How do you judge a Database?A database system can be measured by several facets. We'll take a look at 4 common databases in use and see how they measure up. The main facets of a database management system that we think are important are listed below
- Will it run on my hardware or commonly available hardware?
- Speed - this is actually a multifaceted question because some databases are optimized for certain kinds of functions and will do well on those and not so well on others?
- How does it scale - will it degrade a lot when more users are added or more records are added?
- How complicated will it be to maintain - e.g. Backup, make structural changes to, changes to data and do I have the staff to support it?
- How feature reach is it? E.g. How extensive is its query language (most commonly SQL), does it have procedural language support
- How expensive is the database?
- Is it stable? E.g. does it crash often under heavy load or unexpected data?
- Desktop or Server Architecture - some databases are Desktop-based databases meaning the client computer does all the processing involved in querying, inserting records, updating and validation and the database is simply a file accessed with specialty software. Then there is the Server-based database. The Server based database is not just a file, but a whole Server component that listens for client requests and does the job of validating a client request and updating, querying the database. A server-based database tends to be faster and scales better to more users (if installed on an adequate server and programming utilizes the strengths of client-server) for several reasons. The data is local to it so it only needs to pass the requested amount of data to the client. Also if you have an intensive query the speed of the client is not as much of an issue since the server will simply pass the final result to the client.
Sampling of DatabasesWe’ll look at 4 kinds of databases - Microsoft Access, SQL Server, MySQL, PostgreSQL. Each fits a different market and has its strengths and weaknesses.
Microsoft Access 2000-2007Microsoft Access is well suited for applications that will be used by all windows users, applications used by fewer than 10-15 simultaneous users, and where the largest table in the database has fewer than (150,000 - 500,0000 records; Note this number varies depending on how wide each row is and the datatypes it holds for example we have successfully created access databases that have over 1 million records of payment data and still behave speedly for updating and rolling up this data and being accessed by 10 people simultaneously. It is also an all-in-one database in that it comes with its own form designers and programming environment which can be utilized.
|Hardware||It runs on Windows and Macintosh workstations with Microsoft Access or Microsoft Access run-time installed.|
|Speed||Depends on the processor speed and memory of your client pcs, the number of users connected at any one time to the database (it tends to degrade after about 10 or so users), and Local Area Network speed (LAN).|
|Robustness||You should never run an Access database unless you have at least 10 Mbps speed to the client and your network connection is reliable (meaning it doesn't disconnect often). Since MS Access is a client-side database, it is very prone to corruption if network speed to clients is lack-luster or if users each have different versions of the JET/Access drivers installed.|
|Maintenance||Relatively simple to maintain for savvy computer users.
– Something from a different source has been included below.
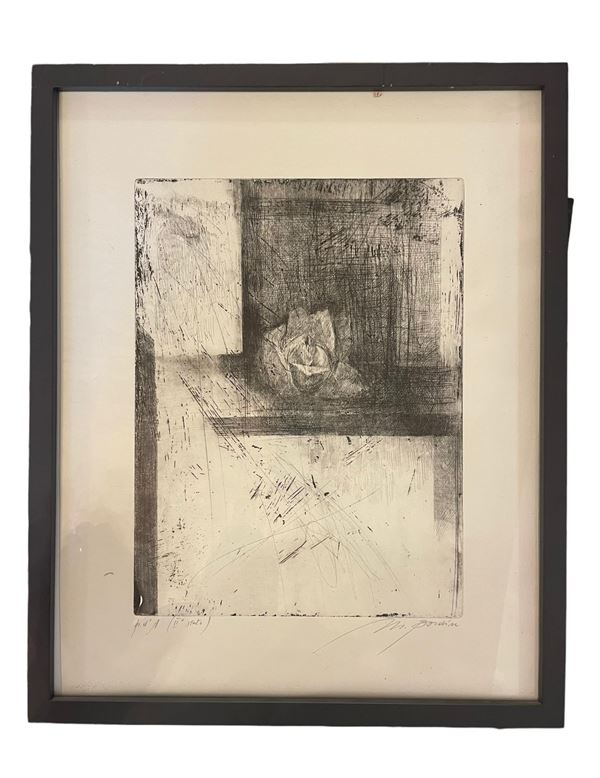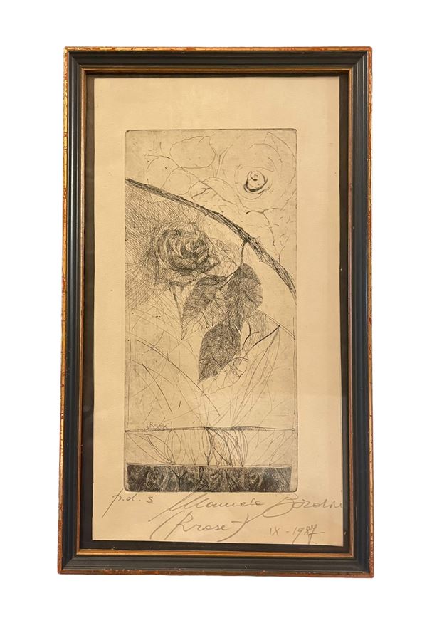 firmate Manuela Bordin. Misure stampe: 11 x 17cm; 14,5 x 29,5cm; 24 x 11cm; 35 x 26cm; 10 x 26cm; 10 x 26cm. Entro cornici.

Backup is a matter of just backing up the .mdb file. Making structural changes is relatively easy to do and just requires Microsoft Access.|
|Scale||In general an Access database application degrades faster than other databases we will discuss - the more users you add or the more records you add to a database. It starts becoming unusable at around 20 users or 500000 records. Note this depends primarily on processor speed of clients and network speed.|
|Features||It is fairly SQL compliant and has some additional features you will not find native in other databases. PIVOT tables for example are a very powerful feature and exists in all versions of Microsoft Access. In fact the PIVOT feature in MS Access is much more powerful than what you find in SQL Server 2005. The query designer that comes with MS Access shields the user from much of the complexity of SQL, but one can go into SQL view to directly change the SQL. Functions defined in Access VBA modules can be used in queries (if MS Access is used as the front-end to the database - they will not work from web apps or in development environments such as Visual Basic, Delphi etc.). It also supports foreign keys and cascade update and delete, but lacks triggers.|
|Price||Access run-time is free if you have a developer license, but limits what the user can do. Access can also be used as a back-end database to other apps such as apps written in Visual Basic, Delphi or C++ etc or to web apps. In this case no Access run-time is needed, just the adodb or jet drivers. These drivers commonly already exist on Windows machines. Many organizations already have Access installed if they have Microsoft Office Professional and higher installed on client pcs|
|Architecture||Access is by design a Desktop database. If used in a Web application though - it behaves as a server database because the web server is the only client so controls all the access to the database. In a web environment it doesn't scale well past 20 simultaneous connections, but this is simultaneous so actually can support quite a bit of traffic. Also note that if you are running a web server such as IIS you do not need to install Microsoft Access or Office on the server (for MS Access database format below 2007). The drivers needed to update the database are already installed or can be installed by installing the free Microsoft Data Access Objects (MDAC) or ODBC drivers. The other interesting thing about Microsoft Access is that if you have the full product, you can use it to access other databases and use the forms, queries etc. as front-ends to other database such as Microsoft SQL Server, PostgreSQL, MySQL etc. It makes a great RAD environment when you want to whip out a form against pretty much any database platform or you want to write both simple and complex reports against any kind of database.|
Microsoft SQL Server 2000/MSDE Microsoft SQL Server 2005/SQL Server 2005 ExpressMicrosoft SQL Server is a server-based database. It runs exclusively on Windows servers/workstations so is best suited for Windows environments.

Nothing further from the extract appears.